======== Dataset

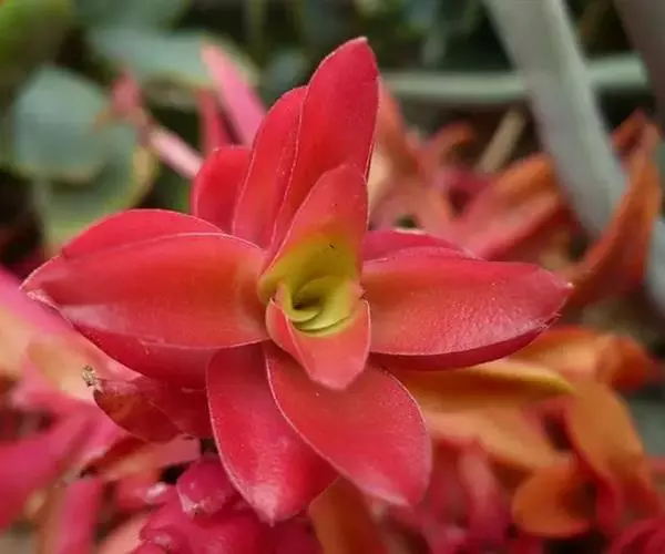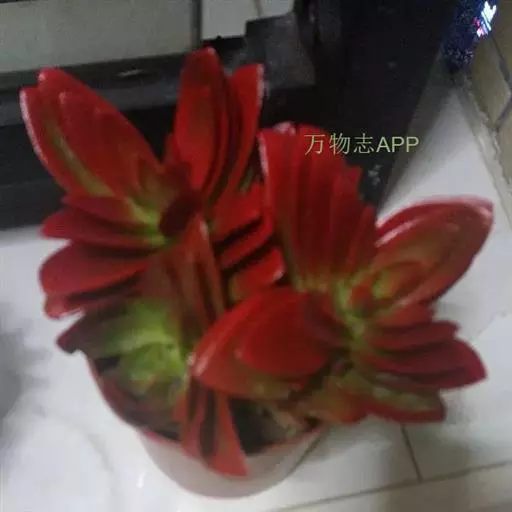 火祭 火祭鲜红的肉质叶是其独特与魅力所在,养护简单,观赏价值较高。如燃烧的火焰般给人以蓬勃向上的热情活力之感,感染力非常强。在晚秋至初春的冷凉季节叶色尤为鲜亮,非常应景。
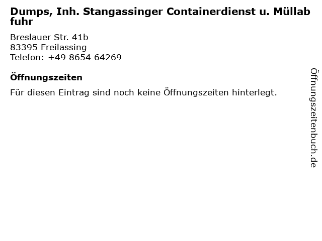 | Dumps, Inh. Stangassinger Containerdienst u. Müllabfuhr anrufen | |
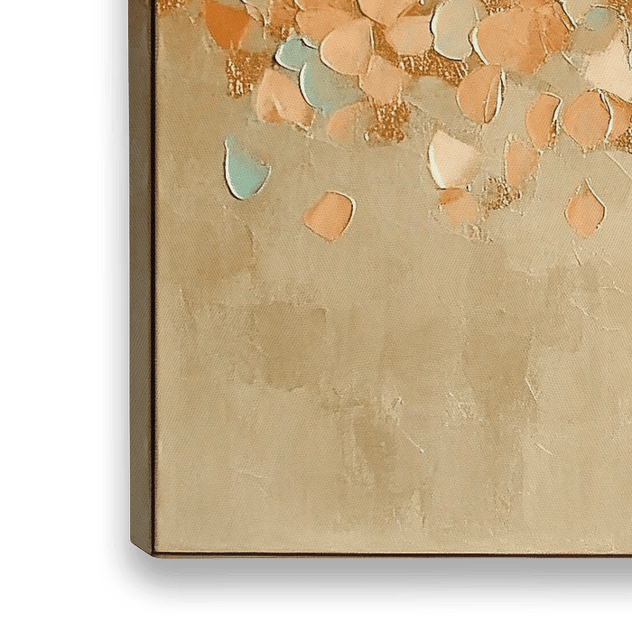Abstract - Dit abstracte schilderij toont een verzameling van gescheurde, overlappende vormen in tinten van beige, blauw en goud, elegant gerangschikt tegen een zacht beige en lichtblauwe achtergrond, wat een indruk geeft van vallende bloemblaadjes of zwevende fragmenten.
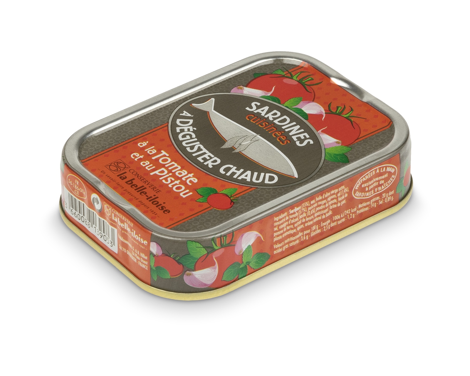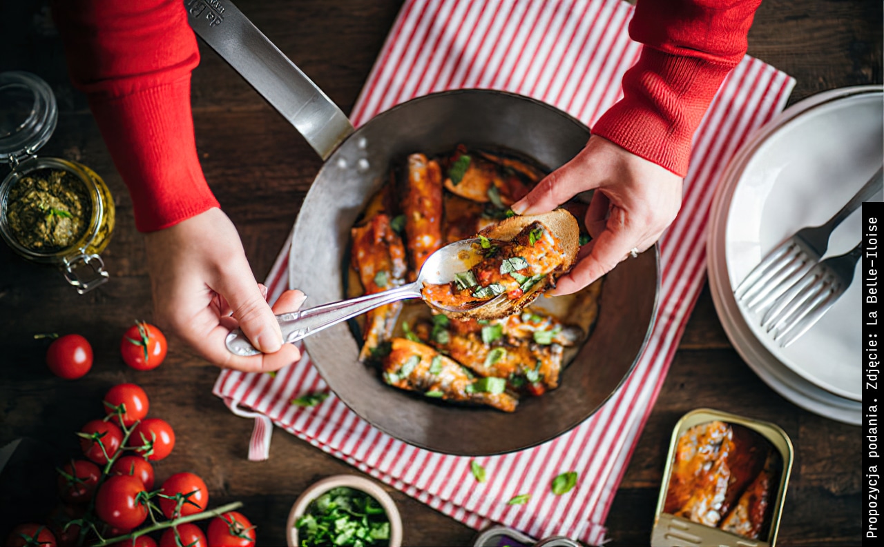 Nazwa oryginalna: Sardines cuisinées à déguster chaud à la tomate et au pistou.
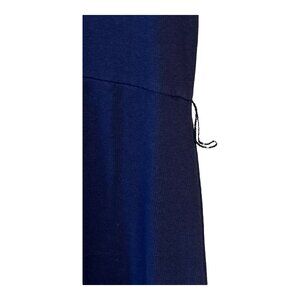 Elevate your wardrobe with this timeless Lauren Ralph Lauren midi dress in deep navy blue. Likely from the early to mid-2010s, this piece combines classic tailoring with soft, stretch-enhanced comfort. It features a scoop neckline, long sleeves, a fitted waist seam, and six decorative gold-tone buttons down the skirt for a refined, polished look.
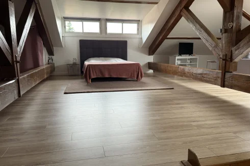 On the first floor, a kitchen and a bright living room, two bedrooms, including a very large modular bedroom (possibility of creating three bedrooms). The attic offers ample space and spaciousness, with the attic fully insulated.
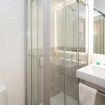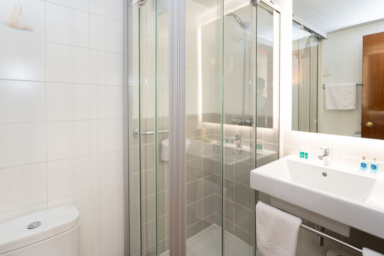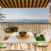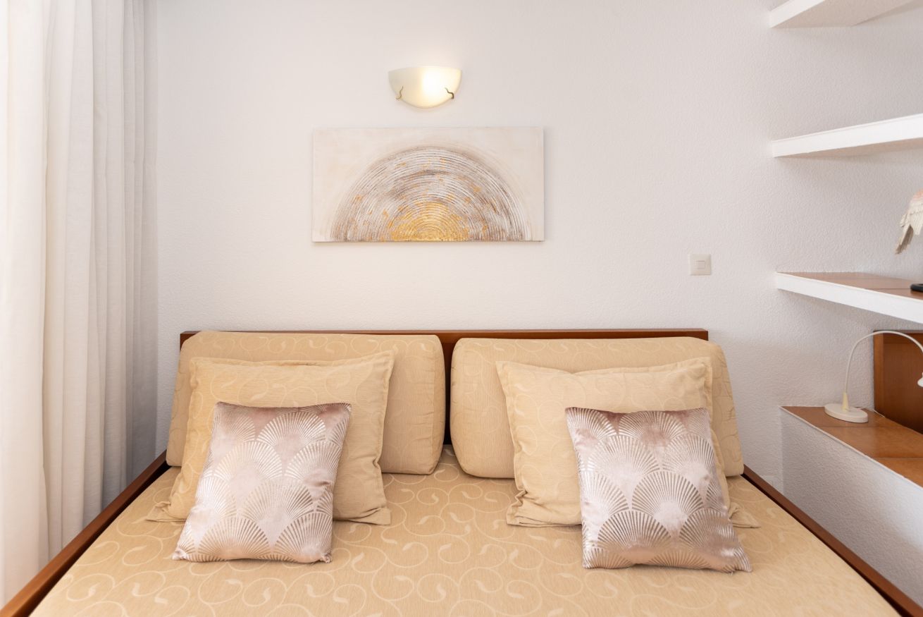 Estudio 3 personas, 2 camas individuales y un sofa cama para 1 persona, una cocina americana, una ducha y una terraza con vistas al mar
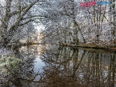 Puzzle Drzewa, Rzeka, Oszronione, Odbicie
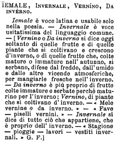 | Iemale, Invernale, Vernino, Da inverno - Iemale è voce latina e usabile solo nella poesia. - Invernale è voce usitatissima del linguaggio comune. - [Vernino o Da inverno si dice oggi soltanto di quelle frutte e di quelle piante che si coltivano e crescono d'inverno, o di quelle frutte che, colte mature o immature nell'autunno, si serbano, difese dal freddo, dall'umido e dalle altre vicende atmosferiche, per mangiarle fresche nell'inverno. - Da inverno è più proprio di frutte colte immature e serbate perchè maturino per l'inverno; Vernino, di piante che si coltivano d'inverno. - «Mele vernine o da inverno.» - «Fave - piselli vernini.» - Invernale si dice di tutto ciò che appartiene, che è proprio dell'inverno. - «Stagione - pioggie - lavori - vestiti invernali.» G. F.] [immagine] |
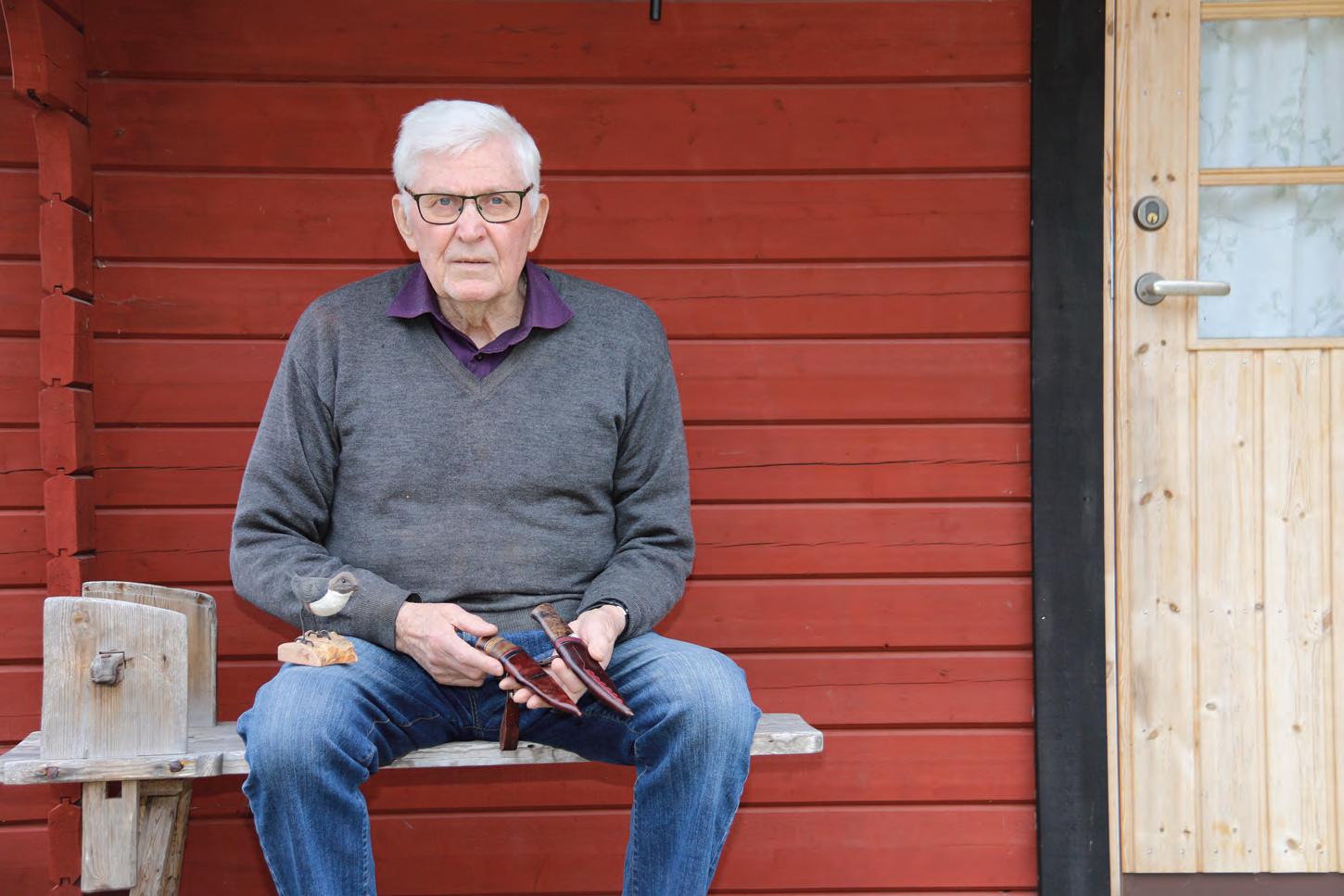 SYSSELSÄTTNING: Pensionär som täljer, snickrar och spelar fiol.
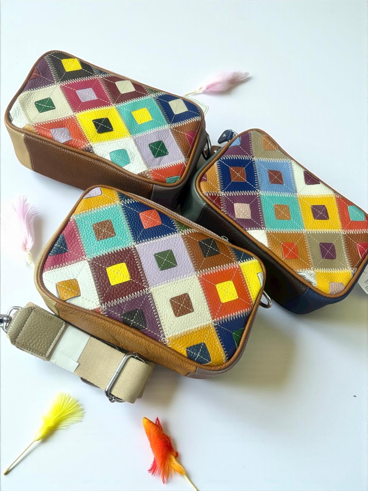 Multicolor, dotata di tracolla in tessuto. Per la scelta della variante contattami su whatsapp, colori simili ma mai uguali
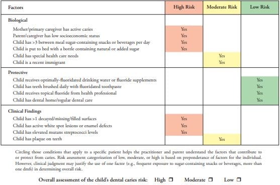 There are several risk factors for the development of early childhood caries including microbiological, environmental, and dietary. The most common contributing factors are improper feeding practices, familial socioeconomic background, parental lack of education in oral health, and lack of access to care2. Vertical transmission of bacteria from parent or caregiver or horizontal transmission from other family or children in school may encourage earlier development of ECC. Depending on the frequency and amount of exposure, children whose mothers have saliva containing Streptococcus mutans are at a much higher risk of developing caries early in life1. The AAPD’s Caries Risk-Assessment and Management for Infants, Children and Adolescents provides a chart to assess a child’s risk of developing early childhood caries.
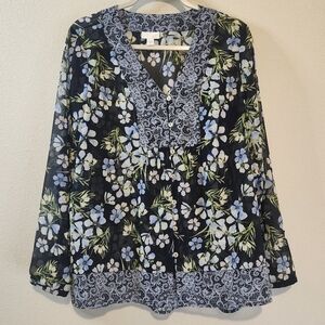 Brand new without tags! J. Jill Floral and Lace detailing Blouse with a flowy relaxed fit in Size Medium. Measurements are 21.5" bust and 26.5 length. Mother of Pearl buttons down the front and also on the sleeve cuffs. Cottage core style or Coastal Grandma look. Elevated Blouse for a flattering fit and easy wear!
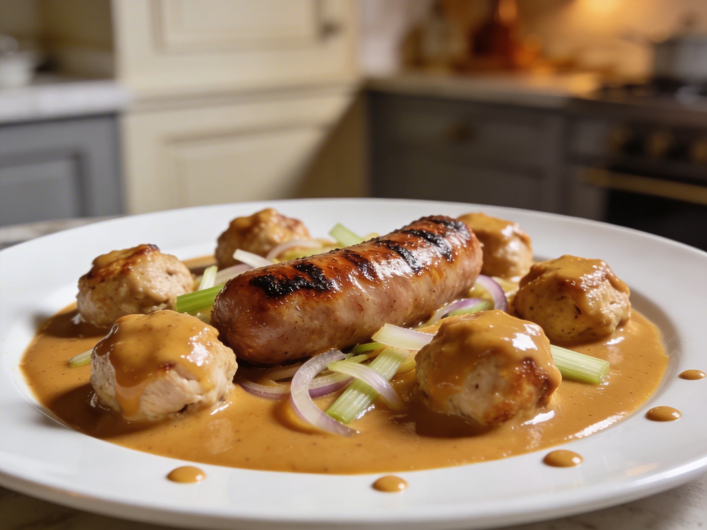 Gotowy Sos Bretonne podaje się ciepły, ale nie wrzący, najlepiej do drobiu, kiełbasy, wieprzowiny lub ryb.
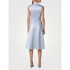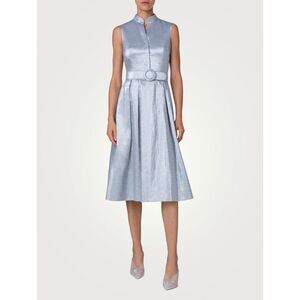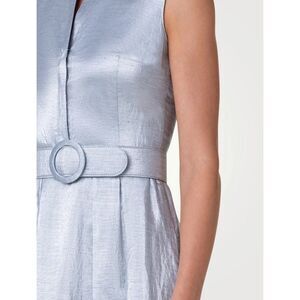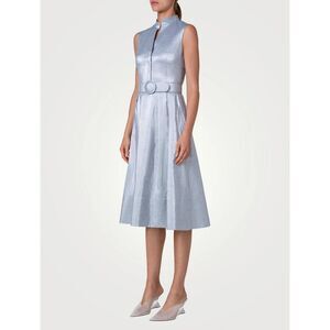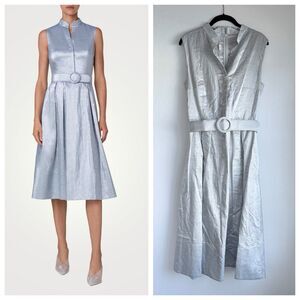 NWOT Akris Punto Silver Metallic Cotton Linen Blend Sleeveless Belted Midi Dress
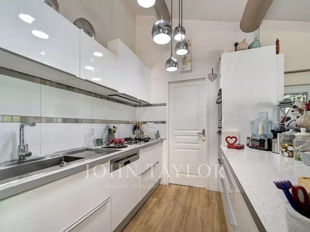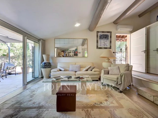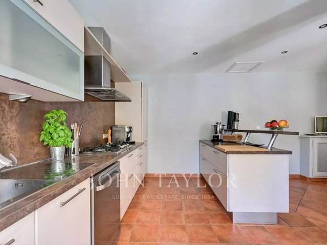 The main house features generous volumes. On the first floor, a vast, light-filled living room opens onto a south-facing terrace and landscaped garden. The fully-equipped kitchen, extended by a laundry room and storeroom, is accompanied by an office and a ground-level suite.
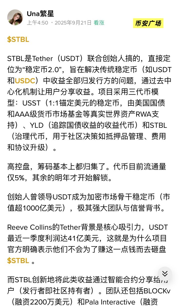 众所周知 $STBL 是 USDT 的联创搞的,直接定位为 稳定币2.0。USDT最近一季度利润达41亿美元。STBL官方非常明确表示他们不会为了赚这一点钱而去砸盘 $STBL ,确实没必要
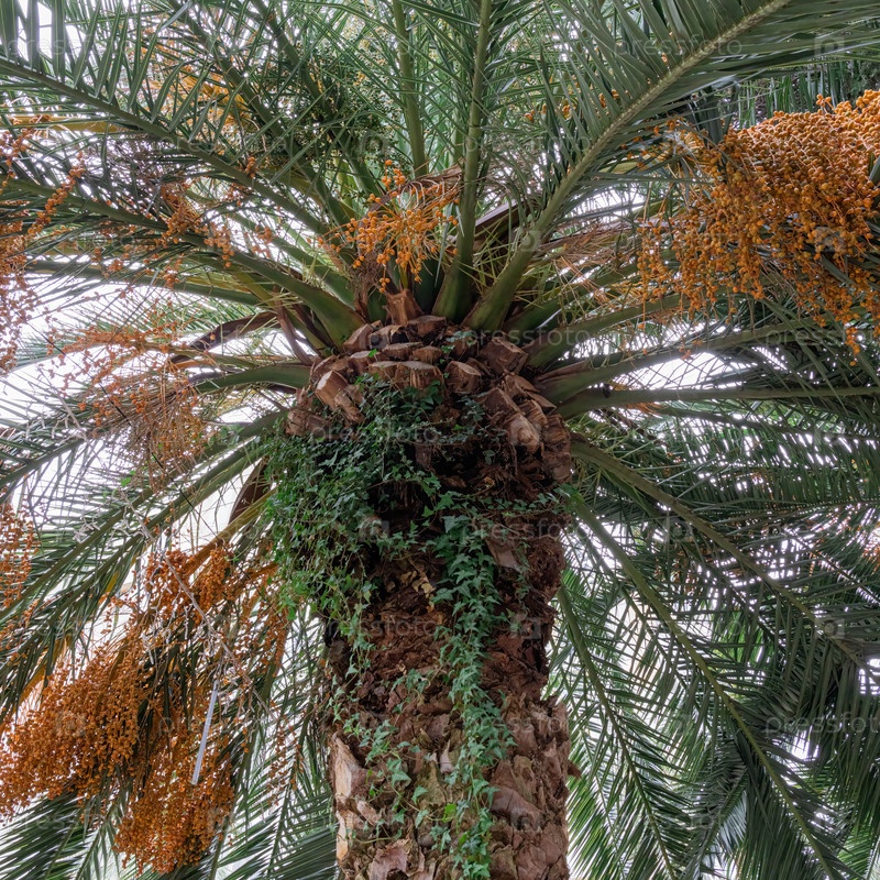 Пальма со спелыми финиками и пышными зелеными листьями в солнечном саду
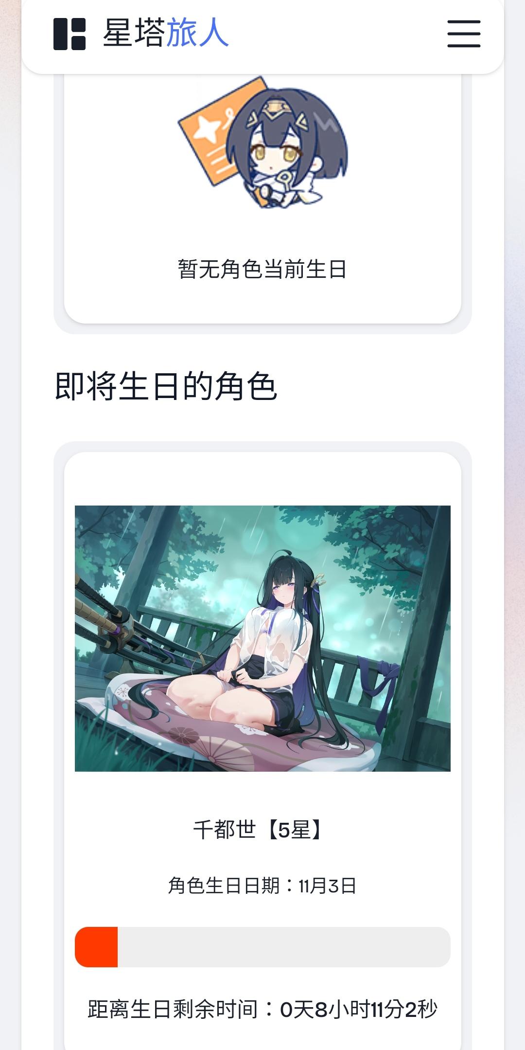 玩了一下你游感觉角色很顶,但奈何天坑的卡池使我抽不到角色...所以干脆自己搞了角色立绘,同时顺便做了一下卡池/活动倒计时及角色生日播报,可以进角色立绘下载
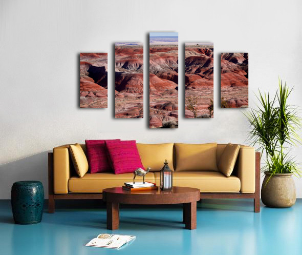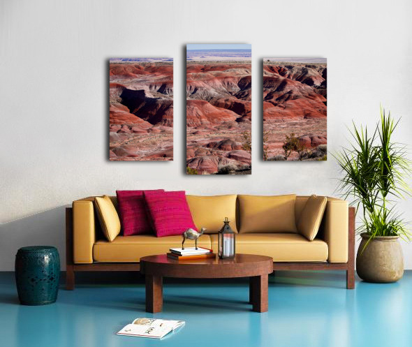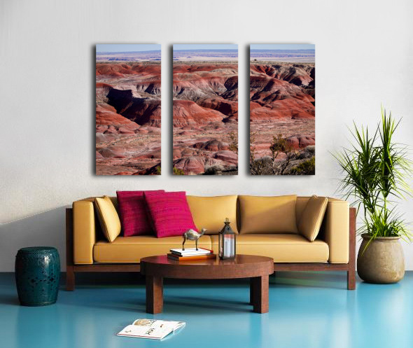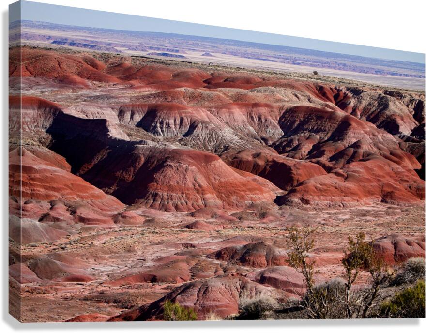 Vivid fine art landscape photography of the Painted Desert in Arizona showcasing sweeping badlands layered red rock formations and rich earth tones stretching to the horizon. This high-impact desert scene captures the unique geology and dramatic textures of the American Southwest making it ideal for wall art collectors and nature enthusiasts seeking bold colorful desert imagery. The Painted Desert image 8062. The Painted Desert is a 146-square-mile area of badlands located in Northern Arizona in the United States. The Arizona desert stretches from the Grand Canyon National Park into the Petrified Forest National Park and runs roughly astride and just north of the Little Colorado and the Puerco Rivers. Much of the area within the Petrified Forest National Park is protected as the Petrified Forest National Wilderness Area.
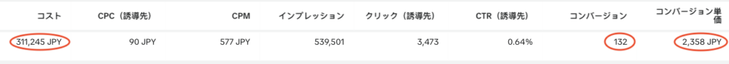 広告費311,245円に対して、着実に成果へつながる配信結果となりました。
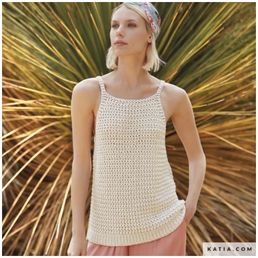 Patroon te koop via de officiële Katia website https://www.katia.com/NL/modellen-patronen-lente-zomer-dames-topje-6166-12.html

================

* [What you should do]
Each line above from the one containing "Estudio 3 personas, 2" through the one containing "Multicolor, dotata di" is to be returned verbatim. Nothing else, and no pictures.

* [Answer to the exercise]
 Estudio 3 personas, 2 camas individuales y un sofa cama para 1 persona, una cocina americana, una ducha y una terraza con vistas al mar
 Puzzle Drzewa, Rzeka, Oszronione, Odbicie
 | Iemale, Invernale, Vernino, Da inverno - Iemale è voce latina e usabile solo nella poesia. - Invernale è voce usitatissima del linguaggio comune. - [Vernino o Da inverno si dice oggi soltanto di quelle frutte e di quelle piante che si coltivano e crescono d'inverno, o di quelle frutte che, colte mature o immature nell'autunno, si serbano, difese dal freddo, dall'umido e dalle altre vicende atmosferiche, per mangiarle fresche nell'inverno. - Da inverno è più proprio di frutte colte immature e serbate perchè maturino per l'inverno; Vernino, di piante che si coltivano d'inverno. - «Mele vernine o da inverno.» - «Fave - piselli vernini.» - Invernale si dice di tutto ciò che appartiene, che è proprio dell'inverno. - «Stagione - pioggie - lavori - vestiti invernali.» G. F.] [immagine] |
 SYSSELSÄTTNING: Pensionär som täljer, snickrar och spelar fiol.
 Multicolor, dotata di tracolla in tessuto. Per la scelta della variante contattami su whatsapp, colori simili ma mai uguali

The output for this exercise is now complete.